Semantic Compactor & Refactorer (CONCEPT:KG-2.7)¶
Overview¶
The Semantic Compactor resolves the exponential database bloat caused by active agents generating millions of step-by-step reasoning traces.
It periodically executes an offline compilation and refactoring sweep. The compactor aggregates raw execution traces, interaction logs, and tool parameters, replacing thousands of individual AgentProcess nodes with synthesized high-level declarative state triples (e.g., summarizing total execution steps, token usage, and outcomes).
Problem Statement¶
At 1M+ agent scale, each agent execution generates 10–100 AgentProcess trace nodes. After 10K executions:
- 1M+ trace nodes accumulate in the graph
- Query latency degrades from sub-ms to 100ms+
- Memory consumption grows linearly without bound
- Graph traversal algorithms (centrality, PageRank) become O(n²)

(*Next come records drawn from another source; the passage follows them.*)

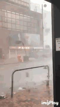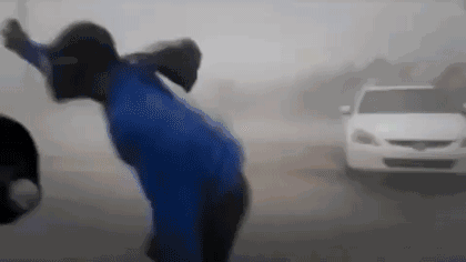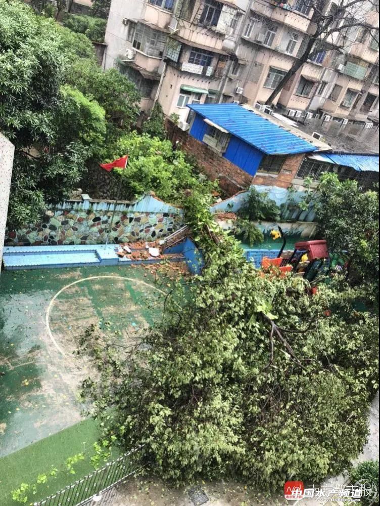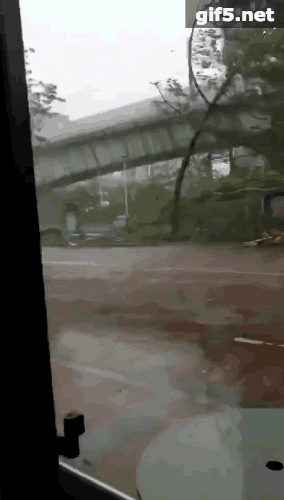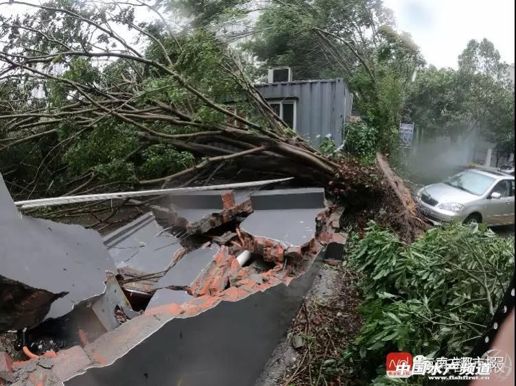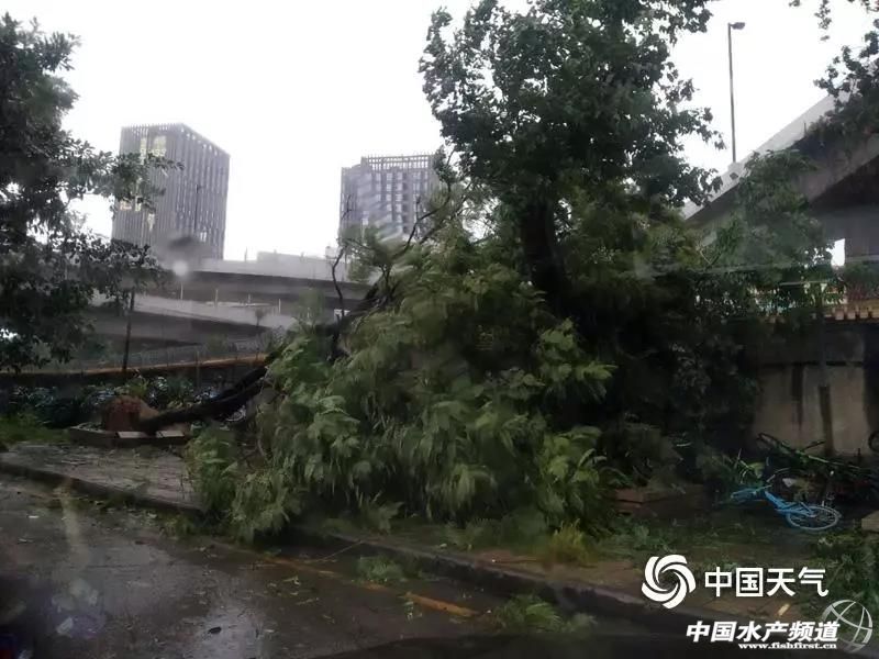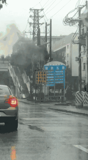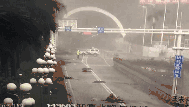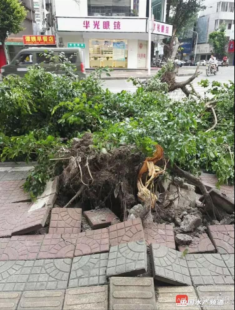 9月16日上午9時50分,惠州博羅縣城北門路,驟起的狂風將街頭大樹連根拔起。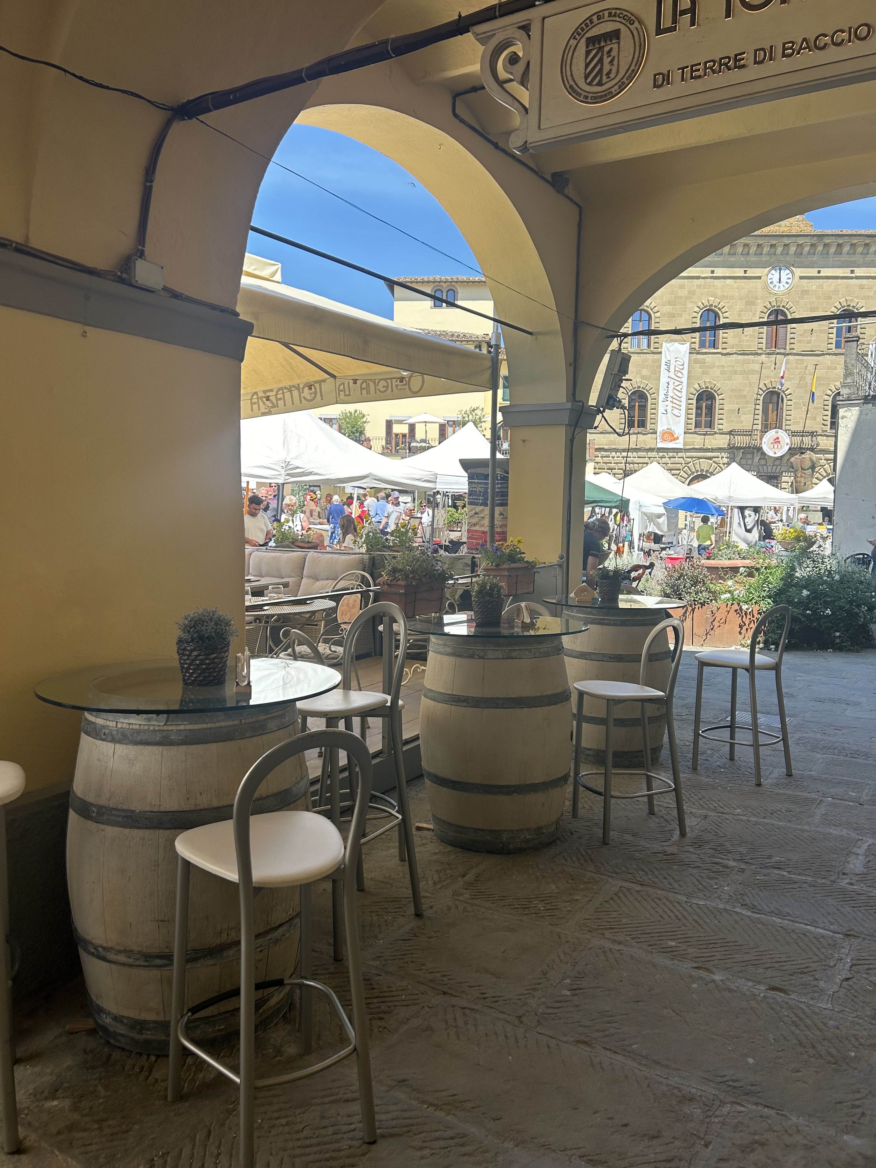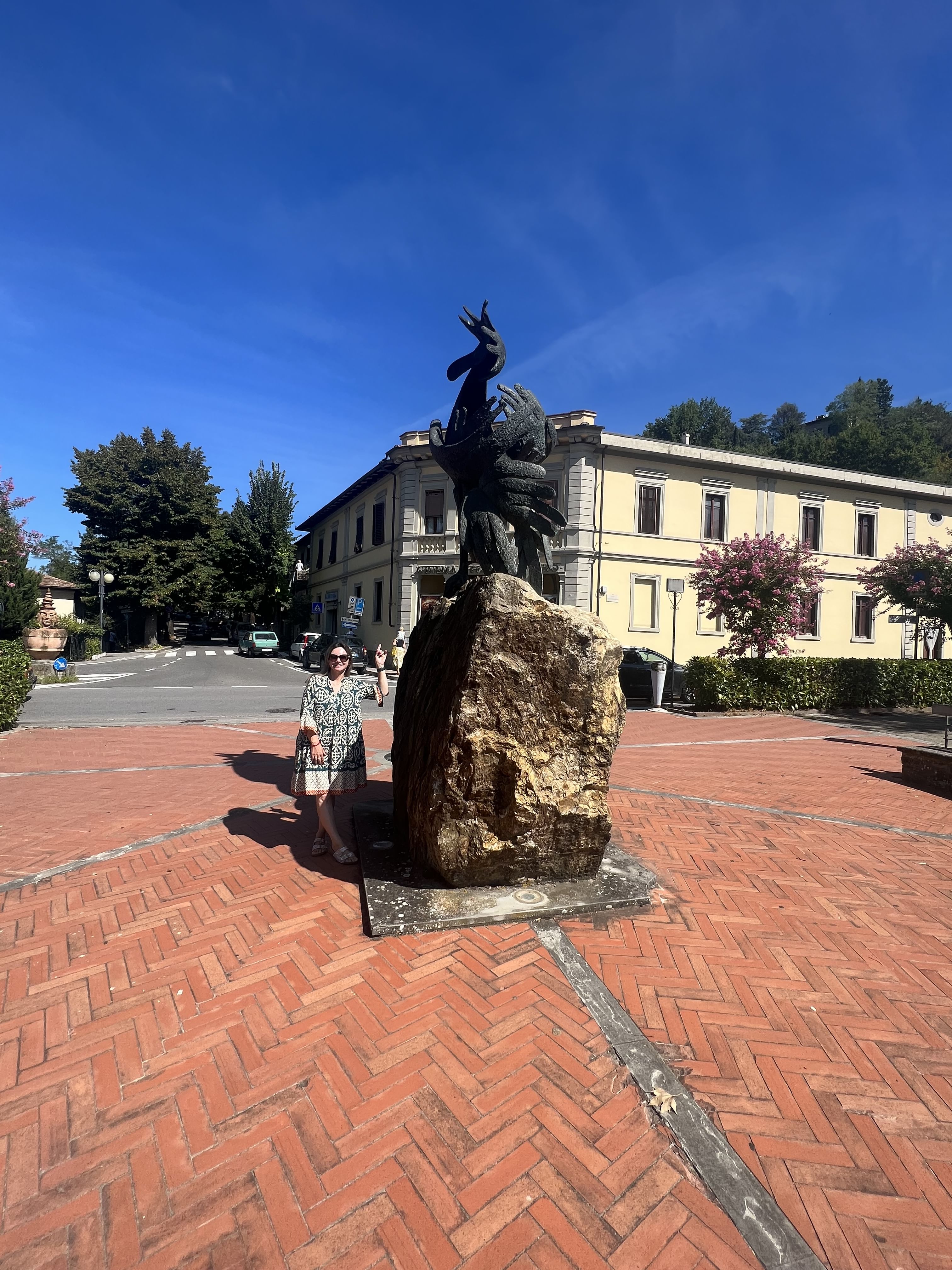 Piazza Matteotti : A praça central é o coração de Greve in Chianti, cercada por lojas, cafés e restaurantes. Aqui vamos visitar a Macelleria Falorni, onde você poderá comprar os melhores affettati para levar para casa ( eles embalam de forma que é possível levar no avião). Depois seguiremos para uma Enoteca subterrânea, a maior do Chianti com mais de 1.000 rótulos selecionados .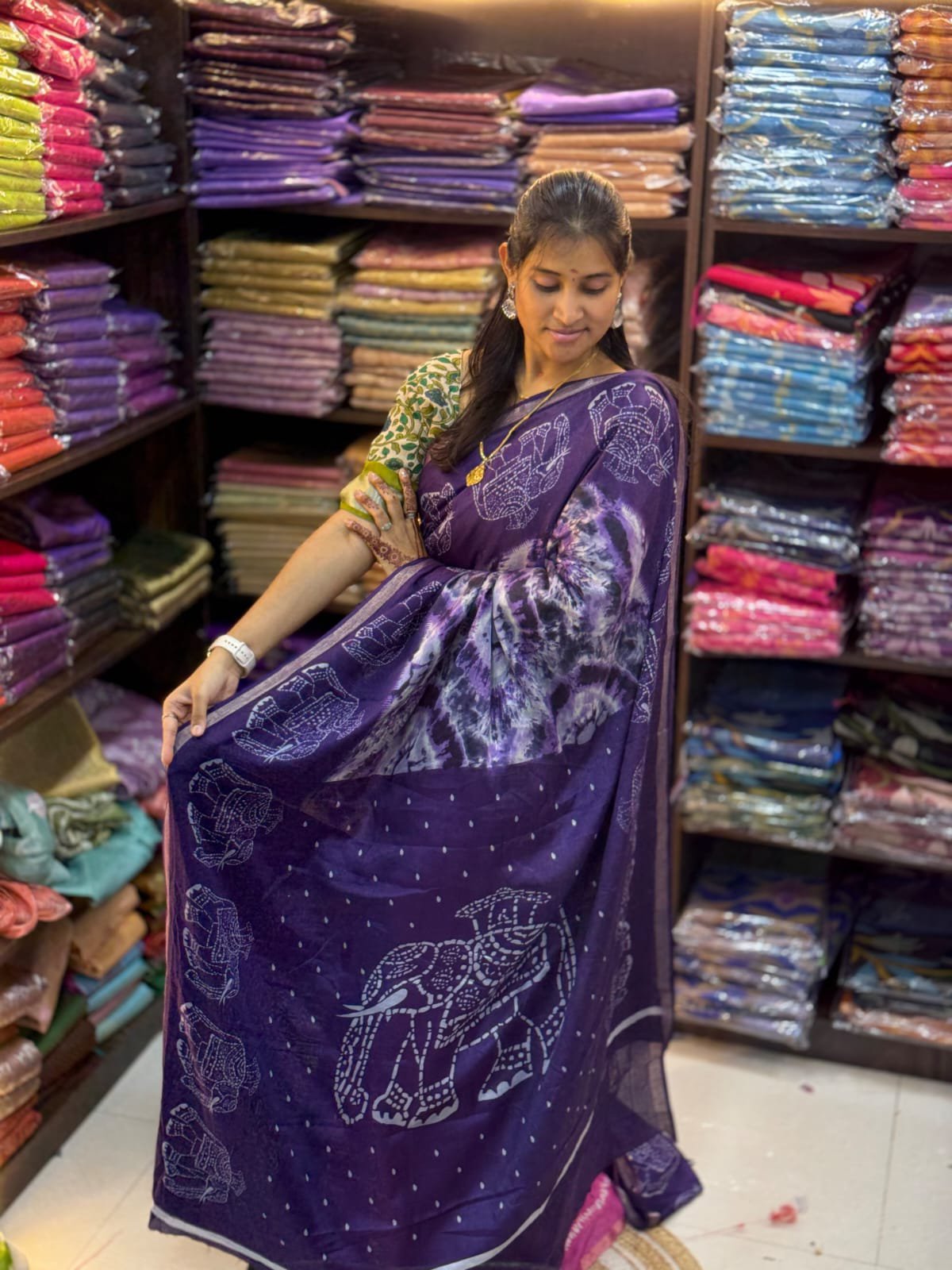 A striking pallu and contrasting blouse piece enhance the saree’s beauty and elegance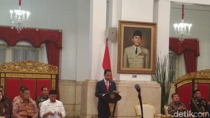"Di awal tahun 2019 saya ucapkan terima kasih kepada seluruh menteri kabinet kerja, Kapolri, Panglima, Atas kerja sama, kerja bersama kita, di tahun 2018," kata Jokowi di Istana Negara, Jakarta Pusat, Senin (7/1/2019).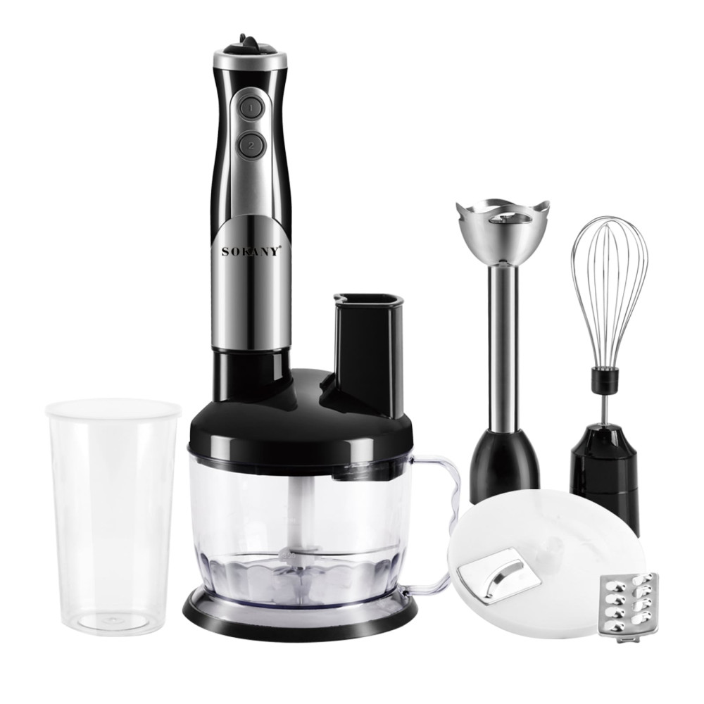 Многофункциональный ручной блендер Sokany SM-5011-8 — это универсальный кухонный прибор с мощностью 700 Вт, который имеет два уровня скорости для удобства использования.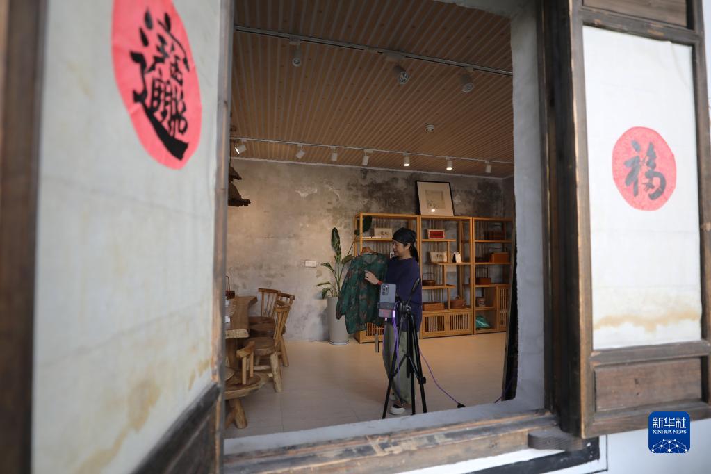 5月23日,在浙江省義烏市李祖村,創(chuàng)客鮑麗萍在店鋪里為網絡直播銷售做準備。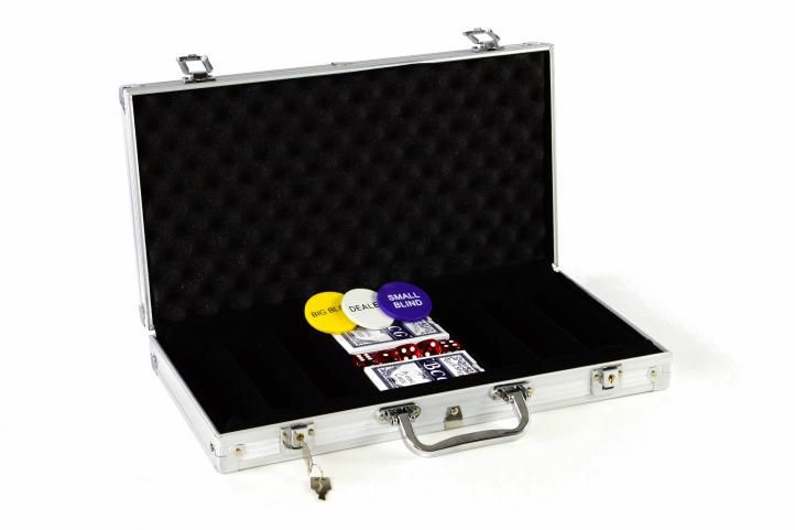 Carcasa robustă din aluminiu cu două încuietori este ideală pentru până la 1000 de jetoane de poker. Este necesar să cumpărați jetoane pe care le puteți alege individual, restul echipamentului fiind complet.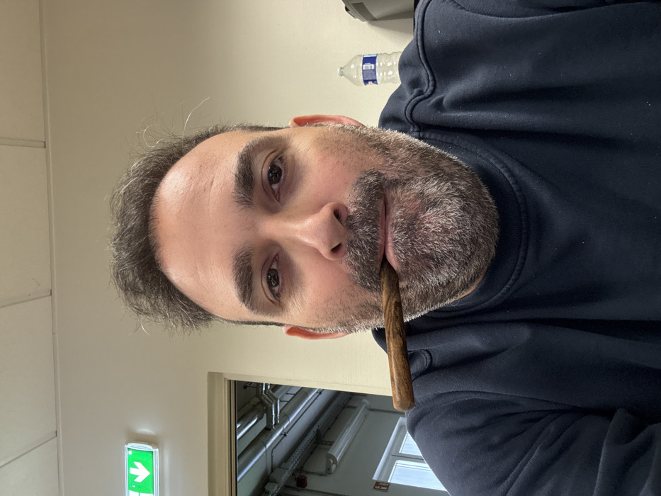 The image displays an adult male, estimated to be in his 40s or 50s, with dark, disheveled hair and a full, graying beard, centered and looking directly at the camera. He is wearing a dark blue crew-neck sweatshirt. A dark brown, polished wooden object is held horizontally between his lips. The background consists of light-colored walls and a white ceiling. In the upper left, a green illuminated exit sign with a white downward arrow is mounted on the wall. Below the sign, an open doorway reveals an interior area with exposed silver utility piping and a white-framed window. A clear plastic water bottle with a blue cap is visible on a surface in the upper right background. The specific location within Grevenmacher, Luxembourg, cannot be determined from the visual information.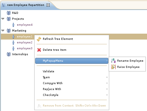 Popup can be added to allow the user to perform specific actions on model elements.
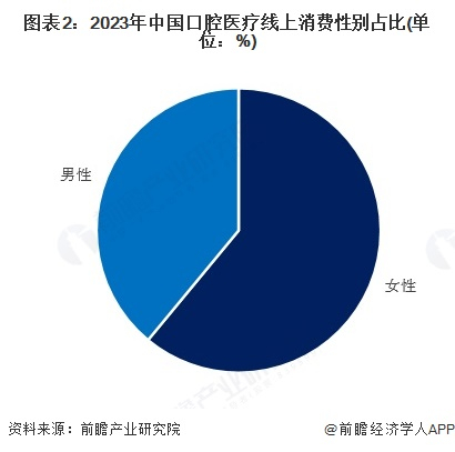 调研数据显示,2023年中国口腔医疗消费女性比例约61%,男性比例约39%。体现了口腔医疗服务行业的“医美”、“消费”属性,女性通常对口腔美学的需求更高。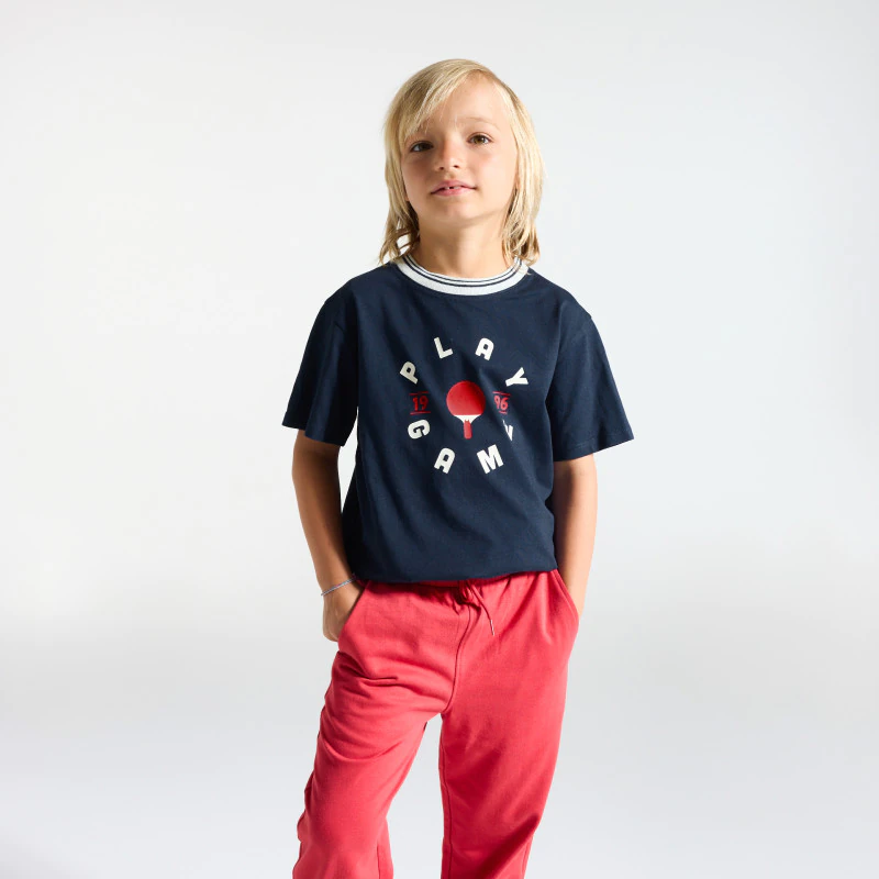 Style sportswear & tendance ! Ce t-shirt affiche un message positif pour une bonne pratique du sport. Les garçons le portent aussi en ville. Jersey doux. Coupe droite. Col rond côtelé rayé contrasté. Manches courtes. Base droite.n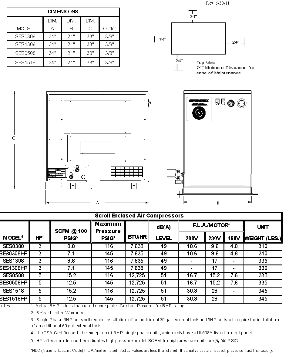 Powerex 5 HP Oilless Scroll Compressor World Latin America 15.2 CFM @ 100 PSI, 208-Volt 3-Phase with Electronic Drain| SES0508-2-2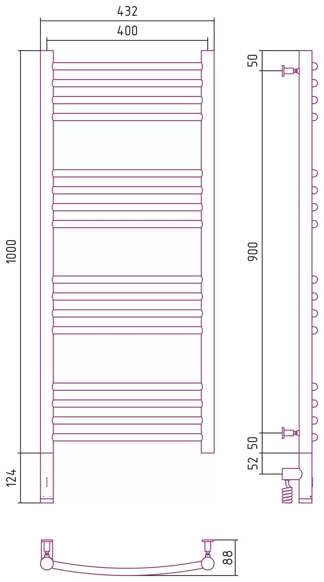 Полотенцесушитель электрический Сунержа Богема 3.0 выгнутая 1000х400 МЭМ левый Без покрытия

The Semantic Compactor reduces the trace node count by 95–99% while preserving aggregate semantics.
Lifecycle¶
1. QUERY: Find AgentProcess nodes for a given agent_id
↓
2. THRESHOLD: If count < threshold (default 10), skip
↓
3. AGGREGATE: Sum token usage, count state distributions
↓
4. CREATE: Merge a SemanticSummary node with aggregated stats
↓
5. LINK: Connect agent → SemanticSummary via HAS_COMPACTED_HISTORY
↓
6. PRUNE: DETACH DELETE all original AgentProcess nodes
↓
7. LOG: Report compaction count and summary node ID
API Surface¶
from agent_utilities.knowledge_graph.memory import SemanticCompactor
compactor = SemanticCompactor(engine=kg_engine)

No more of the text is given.